3. Trouver de nouvelles voix
« On cherche tous le nouveau Adrien Candiard, c'est une sorte de fantasme », s'amuse Bruno Nougayrède. Ce moine dominicain français de 37 ans, vivant au couvent du Caire, est devenu la star du secteur avec des ouvrages aux allures de bestseller concernant l'islam ou la spiritualité chrétienne. Alors que son dernier essai A Philémon : réflexions sur la liberté chrétienne (Cerf, janvier 2019) occupe la troisième marche du top 50 des meilleures ventes du rayon selon GFK, ses précédents titres tels Veilleur, où en est la nuit ? (Cerf, 2016) y figure toujours. Le Cerf, géré par l'ordre dominicain, est évidemment bien placé pour faire émerger les jeunes voix de cet ordre, véritable vivier de futurs talents. La maison a par exemple édité cet hiver le premier texte d'Augustin Pic, docteur en théologie, Dieu dans l'Église en crise : réflexion sur un grand mystère.
« Adrien Candiard ou la théologienne protestante Marion Muller-Colard, font partie des gros vendeurs de notre segment mais ils étaient d'illustres inconnus il y a 5 ans : ces nouvelles voix, en phase avec la société, participent au renouvellement de notre secteur et touchent un large public, détaille Régis de Villers, directeur général de Salvator. Il y a donc une certaine concurrence entre éditeurs pour dénicher les voix de demain ». Alors comment s'y prendre ?

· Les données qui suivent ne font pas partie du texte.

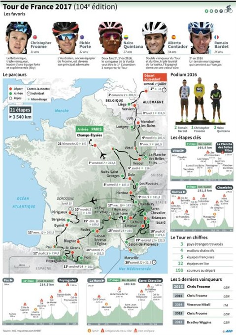 Le Tour de France 2017, qui débutera samedi 1er juillet à Düsseldorf, est long de 3540 kilomètres répartis sur 21 étapes.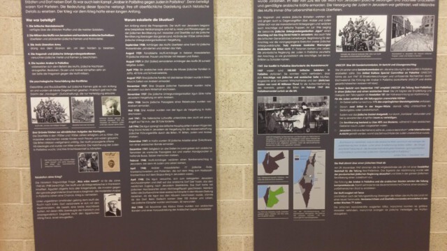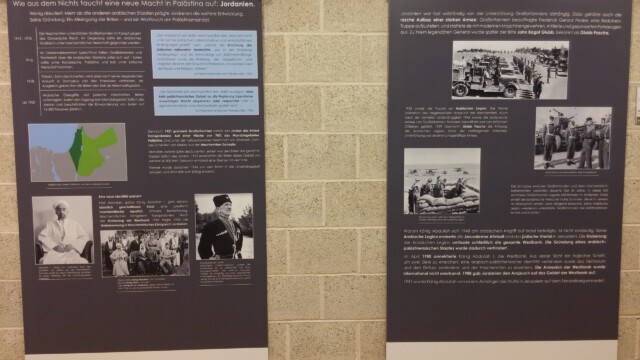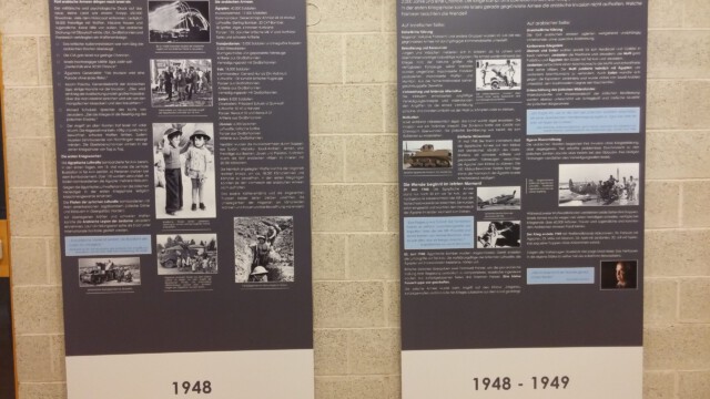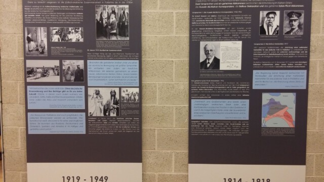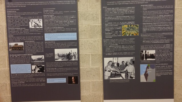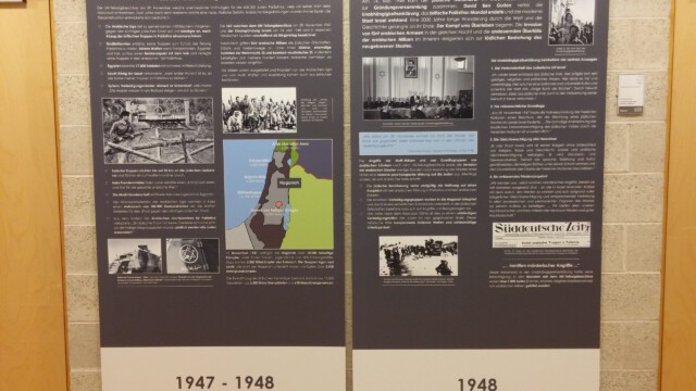 32 Tafeln geben einen vertieften historischen Einblick in die politischen und gesellschaftlichen Ereignisse. Bilder, Dokumente und Zeitzeugen werden im Kontext präsentiert. In einem weiten Bogen von den Römern im Jahre 70 bis zum Waffenstillstand 1949 werden die Staatsgründung Israels und ihre Vorgeschichte erzählt.

« Certains regardent les meilleures ventes GFK et vont les récupérer mais sinon, pas de formule magique, chacun à ses petites stratégies », poursuit Régis de Villers. Pour faire émerger de jeunes théologiens, Salvator s'appuie sur différents canaux. « Nous avons la chance d'être dans un écosystème où le bouche-à-oreille fonctionne bien avec des auteurs qui nous parlent d'auteurs, des colloques, productions universitaires, la presse spécialisée, les conférences organisées par l'Église, etc. ». Il faut cependant être très réactif. L'éditeur raconte ainsi comment, quelques jours après avoir trouvé intéressant un jeune évêque entendu à la radio il l'a contacté avant d'apprendre qu'il avait déjà été approché par un de ses confrères.

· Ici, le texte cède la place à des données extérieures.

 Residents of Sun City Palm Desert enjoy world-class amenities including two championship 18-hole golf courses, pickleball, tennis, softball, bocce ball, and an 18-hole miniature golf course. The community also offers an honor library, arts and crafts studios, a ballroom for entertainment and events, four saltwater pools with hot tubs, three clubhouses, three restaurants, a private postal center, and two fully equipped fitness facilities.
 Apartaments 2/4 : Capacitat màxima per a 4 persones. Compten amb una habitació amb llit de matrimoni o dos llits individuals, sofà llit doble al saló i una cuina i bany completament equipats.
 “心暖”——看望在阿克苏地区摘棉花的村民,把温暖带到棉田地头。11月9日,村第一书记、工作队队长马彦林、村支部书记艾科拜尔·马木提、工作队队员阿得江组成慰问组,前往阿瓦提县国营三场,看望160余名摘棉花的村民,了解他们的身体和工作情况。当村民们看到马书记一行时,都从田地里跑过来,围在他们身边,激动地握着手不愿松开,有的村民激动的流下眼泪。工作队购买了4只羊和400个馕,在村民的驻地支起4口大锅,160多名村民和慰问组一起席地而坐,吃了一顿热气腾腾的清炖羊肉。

Les contacts avec des éditeurs étrangers peuvent aussi apport leur lot de bonne surprise. Salvator a ainsi repéré en Italie le jeune théologien qui monte, Robert Cheaib, dont le deuxième titre est paru chez l'éditeur à l'hiver, Un Dieu humain : premiers pas dans la foi chrétienne. C'est aussi en Italie que Mame a déniché, le jeune prêtre Luigi Maria Epicoco, auteur l'an passé de La foi n'est pas un bonbon au miel et porte cette année un enjeu de la maison, Saint Jean-Paul II le grand. Ce livre d'entretien avec le pape François, programmé fin mai, bénéficie d'un tirage à 15 000 exemplaires. Les réseaux sociaux et les influenceurs sont aussi très scrutés par les professionnels, puisqu'ils permettent de faire remonter les succès d'un prêche ou les initiatives de tel ou tel prêtre. C'est grâce à une vidéo Youtube que l'Emmanuel a découvert Bruno Valentin, nommé il y a un an évêque auxiliaire du diocèse de Versailles et qui vient de publier son premier titre.

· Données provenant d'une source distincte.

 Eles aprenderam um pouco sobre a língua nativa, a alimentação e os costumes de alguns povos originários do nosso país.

« On cherche beaucoup et on trouve très très peu », reconnaît Matthieu Megevand, directeur de Labor et Fides. Parfois, la découverte d'un auteur s'apparente à « un conte de fées. On ne publie presque jamais de manuscrits envoyés spontanément mais j'ai reçu par la poste l'ouvrage de Marie-Laure Choplin et j'ai su que c'était une pépite ». Son premier ouvrage, Un cœur sans rempart (2018) a bénéficié d'un avant-propos de Marion Muller-Colard et connu un succès critique. La maison fait aussi émerger de nouvelle voix en diversifiant sa production. Elle a lancé l'an passé la collection Lignes intérieures, où des écrivains racontent leur rapport à la foi. « Et on peut mettre ces livres dans les rayons littérature, ils sont particulièrement soignés, ce qui nous permet de toucher d'autres lecteurs ».